Thursday, April 16, 2009

Productivity: Yes, we can (go paperless)!

Via Canadian Business Online

From PROFIT magazine, May 2009

Achieving the paperless office is no longer just a dream — it's a real competitive advantage.

By Laura Pratt

It would have been a ridiculous job posting: “Security firm seeks person to keep track of paper.” But three years ago, such a hiring seemed inevitable for Michael Jagger, CEO of Vancouver-based Provident Security. That’s because in the 10 years since starting his one-man security guard operation in 1996, the firm had exploded into a full-service security provider with more than 200 employees and 4,500 customers. In the blink of an eye, it seemed, Jagger was drowning in paper and administrivia when he should have been focusing on business strategies.

“If you don’t have control over every aspect of your business when you have a few thousand clients, what will happen when you are 10—or a hundred—times bigger?” asks Jagger. “To replicate the client experience we offered when we started out, we knew we’d need to spend our time and money on customer service, not administration.” So, in 2006, he began pulling the plug on his photocopiers, fax machines and printers.

When the “paperless office” buzz first sounded in the mid-1970s, office computers were clunky and the law didn’t recognize digitally signed documents.
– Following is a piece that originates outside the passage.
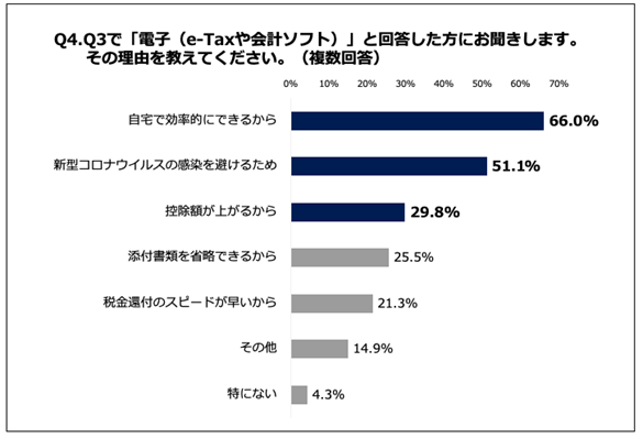 Q3で「電子(e-Taxや会計ソフト)」と回答した方に、「Q4.その理由を教えてください。(複数回答)」(n=47)と質問したところ、「自宅で効率的にできるから」が66.0%、「新型コロナウイルスの感染を避けるため」が51.1%、「控除額が上がるから」が29.8%という回答となりました。

But today, it is possible to run a business sans paper: most offices thrum with network-linked computers loaded with software that lets users create, read, duplicate and distribute digital documents, the latest scanners are modern miracles and the digital signature is ratified. Yet, more than ever, we live in a world that encourages hard-copy proof, proliferated by the rock-bottom prices of printers. In the eyes of most businesses, operating without paper is impossible; but a handful of entrepreneurs are discovering that such a corporate change in today’s economic climate is not only possible, it’s preferable.